DATA SHOWN:
Segment Open

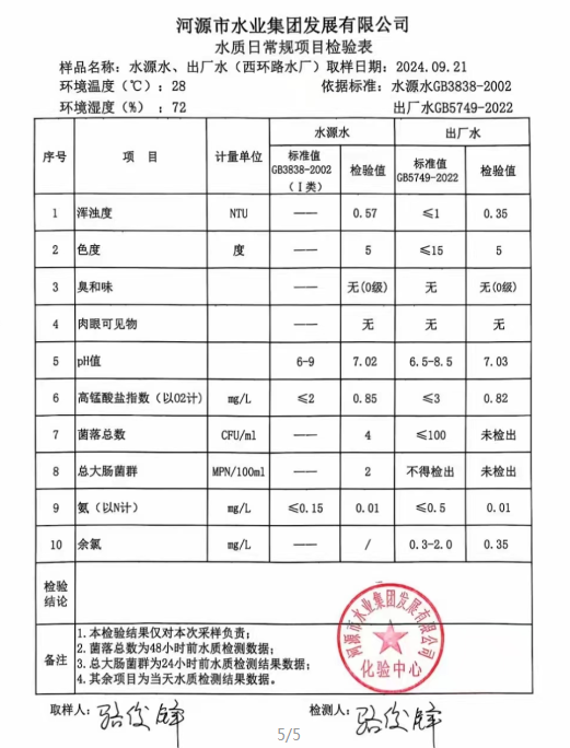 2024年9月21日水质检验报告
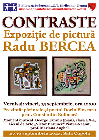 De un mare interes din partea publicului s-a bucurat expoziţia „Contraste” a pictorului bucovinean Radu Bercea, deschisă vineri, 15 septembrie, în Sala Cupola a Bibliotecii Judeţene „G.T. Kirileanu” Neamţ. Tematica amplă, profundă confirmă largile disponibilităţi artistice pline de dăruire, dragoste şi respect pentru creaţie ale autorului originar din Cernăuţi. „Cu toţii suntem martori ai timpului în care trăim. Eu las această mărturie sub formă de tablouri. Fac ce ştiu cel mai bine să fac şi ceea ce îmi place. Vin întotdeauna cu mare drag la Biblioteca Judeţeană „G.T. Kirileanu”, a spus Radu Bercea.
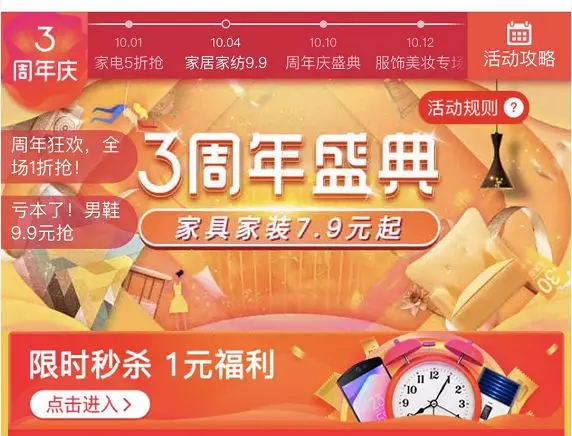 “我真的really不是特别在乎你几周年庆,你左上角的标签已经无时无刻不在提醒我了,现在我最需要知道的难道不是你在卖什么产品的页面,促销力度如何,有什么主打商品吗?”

Segment Closed

TASK GOAL: The expected output is every line of the data, unchanged, with the pictures skipped.

ANSWER BOX:
 2024年9月21日水质检验报告
 De un mare interes din partea publicului s-a bucurat expoziţia „Contraste” a pictorului bucovinean Radu Bercea, deschisă vineri, 15 septembrie, în Sala Cupola a Bibliotecii Judeţene „G.T. Kirileanu” Neamţ. Tematica amplă, profundă confirmă largile disponibilităţi artistice pline de dăruire, dragoste şi respect pentru creaţie ale autorului originar din Cernăuţi. „Cu toţii suntem martori ai timpului în care trăim. Eu las această mărturie sub formă de tablouri. Fac ce ştiu cel mai bine să fac şi ceea ce îmi place. Vin întotdeauna cu mare drag la Biblioteca Judeţeană „G.T. Kirileanu”, a spus Radu Bercea.
 “我真的really不是特别在乎你几周年庆,你左上角的标签已经无时无刻不在提醒我了,现在我最需要知道的难道不是你在卖什么产品的页面,促销力度如何,有什么主打商品吗?”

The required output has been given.